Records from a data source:
++++++

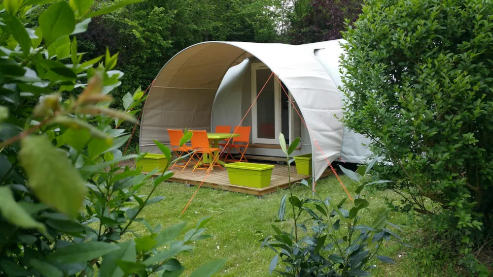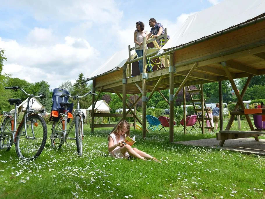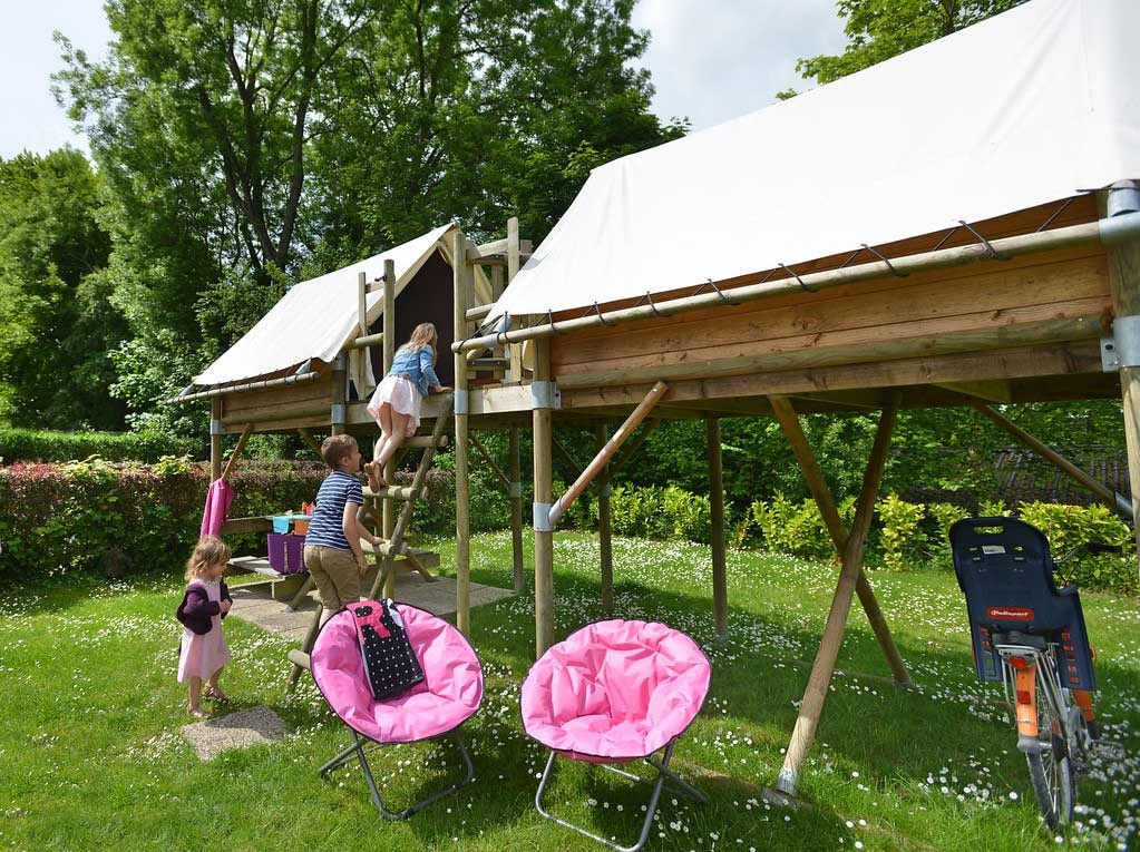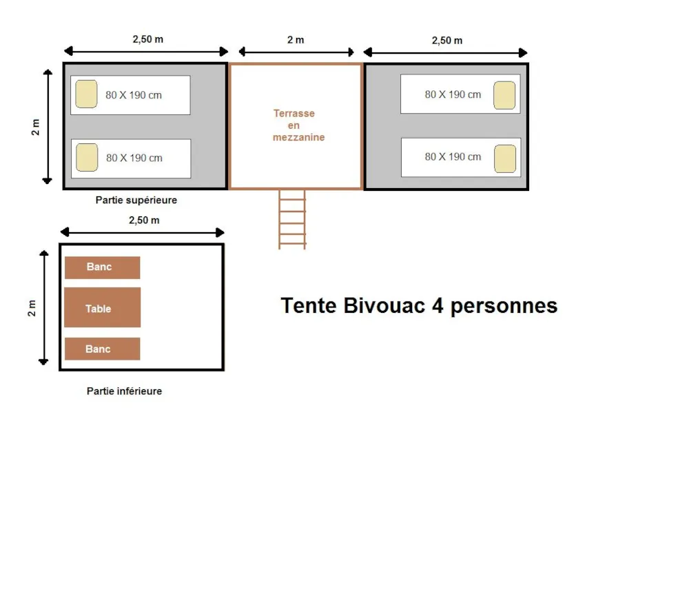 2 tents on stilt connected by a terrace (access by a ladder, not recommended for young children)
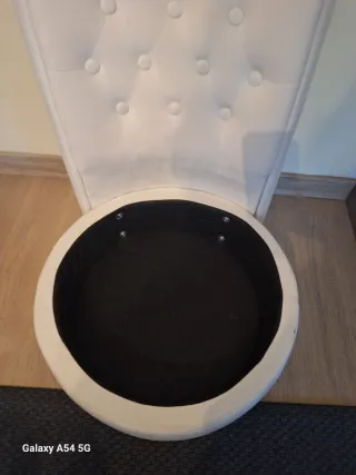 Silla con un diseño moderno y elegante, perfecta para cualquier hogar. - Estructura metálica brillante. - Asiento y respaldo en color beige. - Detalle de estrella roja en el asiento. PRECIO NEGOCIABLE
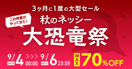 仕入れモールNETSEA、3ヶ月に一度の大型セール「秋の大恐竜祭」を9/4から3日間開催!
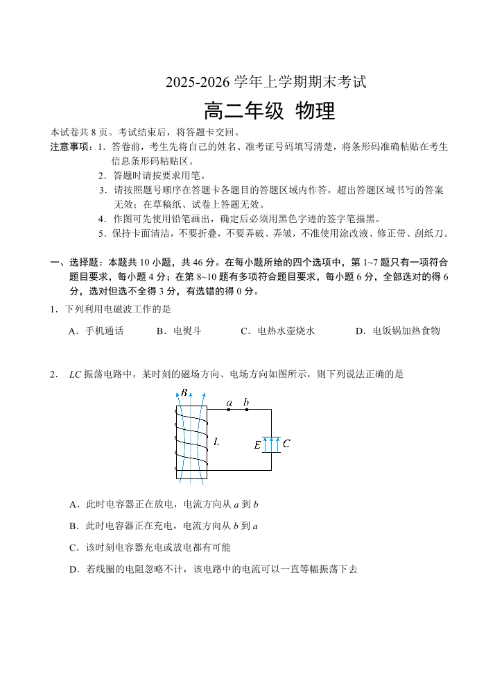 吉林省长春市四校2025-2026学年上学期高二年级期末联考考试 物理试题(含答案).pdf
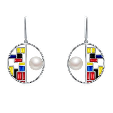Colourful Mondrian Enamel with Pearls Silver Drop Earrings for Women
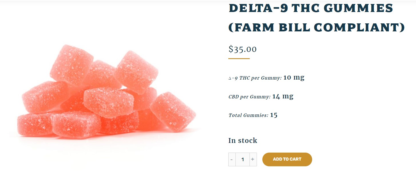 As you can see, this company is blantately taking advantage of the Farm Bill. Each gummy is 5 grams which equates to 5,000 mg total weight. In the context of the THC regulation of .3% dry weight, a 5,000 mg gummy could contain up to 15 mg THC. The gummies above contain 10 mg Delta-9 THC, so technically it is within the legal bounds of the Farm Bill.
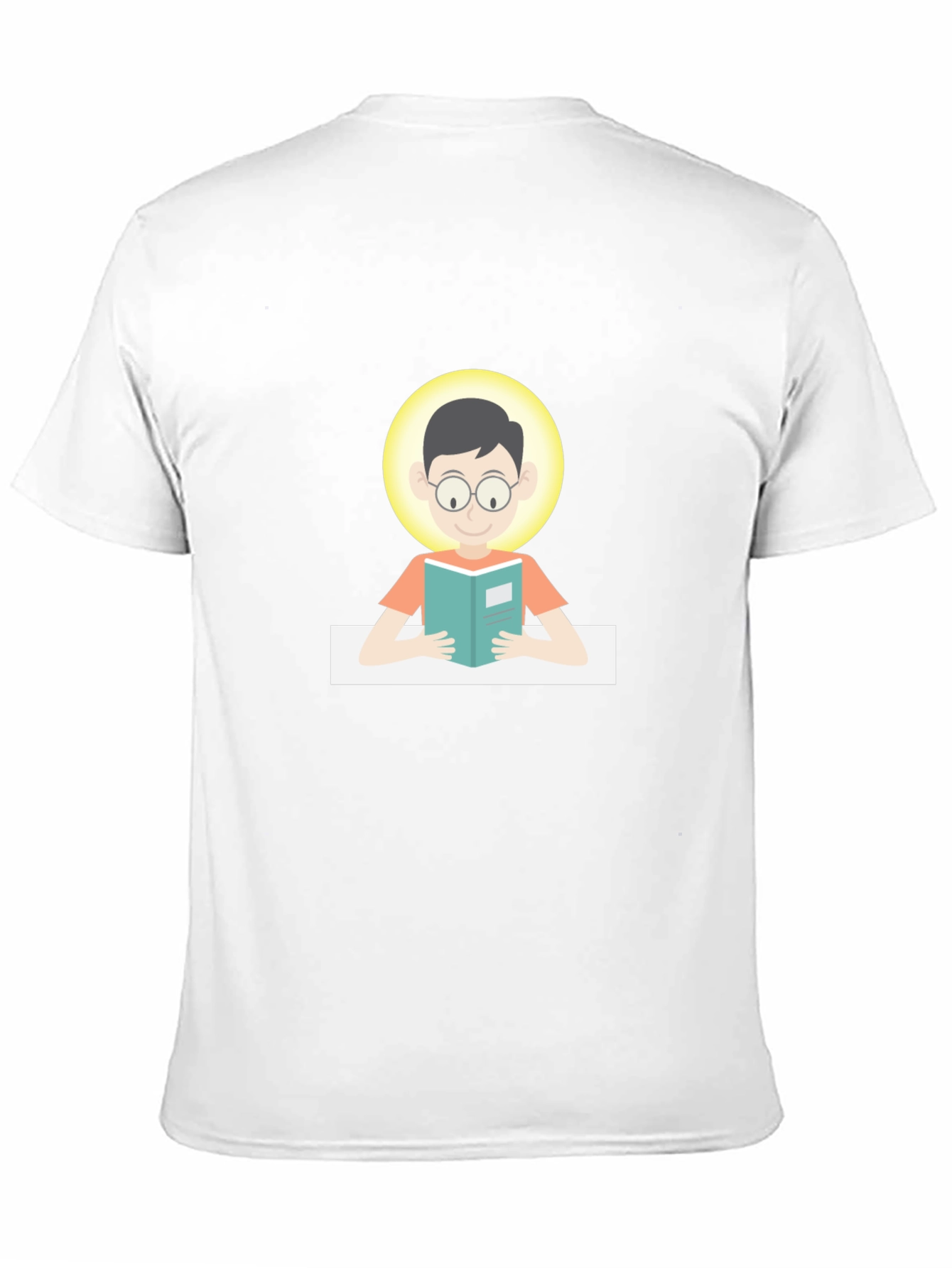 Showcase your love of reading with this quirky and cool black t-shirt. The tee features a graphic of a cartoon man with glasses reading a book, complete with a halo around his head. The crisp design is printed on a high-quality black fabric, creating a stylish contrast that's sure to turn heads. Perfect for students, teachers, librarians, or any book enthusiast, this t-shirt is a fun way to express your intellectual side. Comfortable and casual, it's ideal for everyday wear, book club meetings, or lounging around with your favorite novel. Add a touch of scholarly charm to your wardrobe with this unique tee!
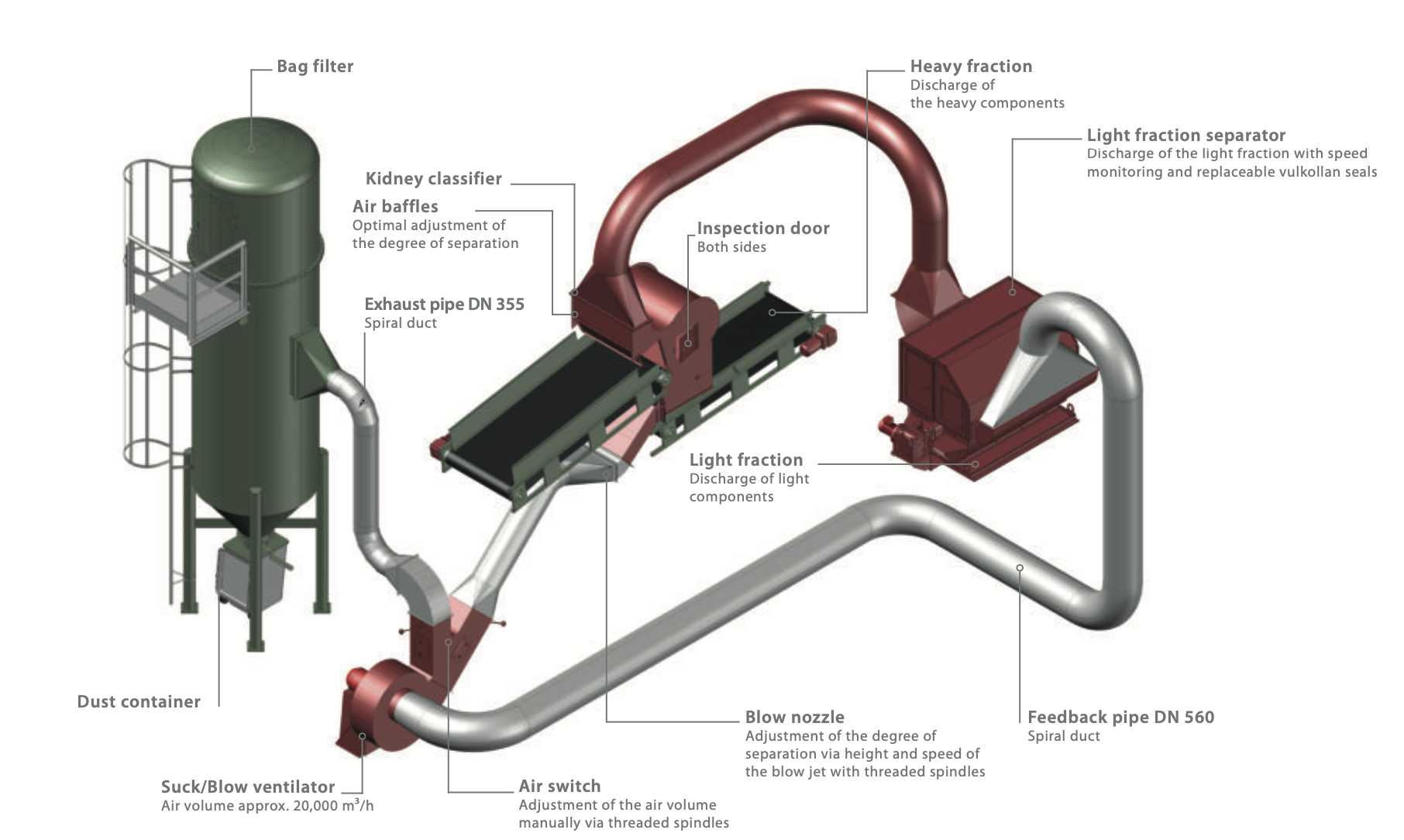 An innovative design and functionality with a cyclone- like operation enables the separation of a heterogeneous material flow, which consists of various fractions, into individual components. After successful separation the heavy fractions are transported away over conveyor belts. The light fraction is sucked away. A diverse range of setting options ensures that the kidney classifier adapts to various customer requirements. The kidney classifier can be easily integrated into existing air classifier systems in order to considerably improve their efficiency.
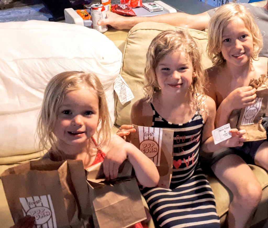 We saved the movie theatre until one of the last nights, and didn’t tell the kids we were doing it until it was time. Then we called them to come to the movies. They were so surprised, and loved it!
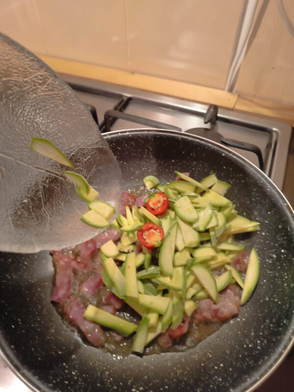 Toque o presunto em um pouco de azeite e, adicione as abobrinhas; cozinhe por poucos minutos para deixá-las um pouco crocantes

++++++

An answer that restates all the entries exactly and drops the images is what is needed.

EXERCISE RESPONSE
 2 tents on stilt connected by a terrace (access by a ladder, not recommended for young children)
 Silla con un diseño moderno y elegante, perfecta para cualquier hogar. - Estructura metálica brillante. - Asiento y respaldo en color beige. - Detalle de estrella roja en el asiento. PRECIO NEGOCIABLE
 仕入れモールNETSEA、3ヶ月に一度の大型セール「秋の大恐竜祭」を9/4から3日間開催!
 吉林省长春市四校2025-2026学年上学期高二年级期末联考考试 物理试题(含答案).pdf
Colourful Mondrian Enamel with Pearls Silver Drop Earrings for Women
 As you can see, this company is blantately taking advantage of the Farm Bill. Each gummy is 5 grams which equates to 5,000 mg total weight. In the context of the THC regulation of .3% dry weight, a 5,000 mg gummy could contain up to 15 mg THC. The gummies above contain 10 mg Delta-9 THC, so technically it is within the legal bounds of the Farm Bill.
 Showcase your love of reading with this quirky and cool black t-shirt. The tee features a graphic of a cartoon man with glasses reading a book, complete with a halo around his head. The crisp design is printed on a high-quality black fabric, creating a stylish contrast that's sure to turn heads. Perfect for students, teachers, librarians, or any book enthusiast, this t-shirt is a fun way to express your intellectual side. Comfortable and casual, it's ideal for everyday wear, book club meetings, or lounging around with your favorite novel. Add a touch of scholarly charm to your wardrobe with this unique tee!
 An innovative design and functionality with a cyclone- like operation enables the separation of a heterogeneous material flow, which consists of various fractions, into individual components. After successful separation the heavy fractions are transported away over conveyor belts. The light fraction is sucked away. A diverse range of setting options ensures that the kidney classifier adapts to various customer requirements. The kidney classifier can be easily integrated into existing air classifier systems in order to considerably improve their efficiency.
 We saved the movie theatre until one of the last nights, and didn’t tell the kids we were doing it until it was time. Then we called them to come to the movies. They were so surprised, and loved it!
 Toque o presunto em um pouco de azeite e, adicione as abobrinhas; cozinhe por poucos minutos para deixá-las um pouco crocantes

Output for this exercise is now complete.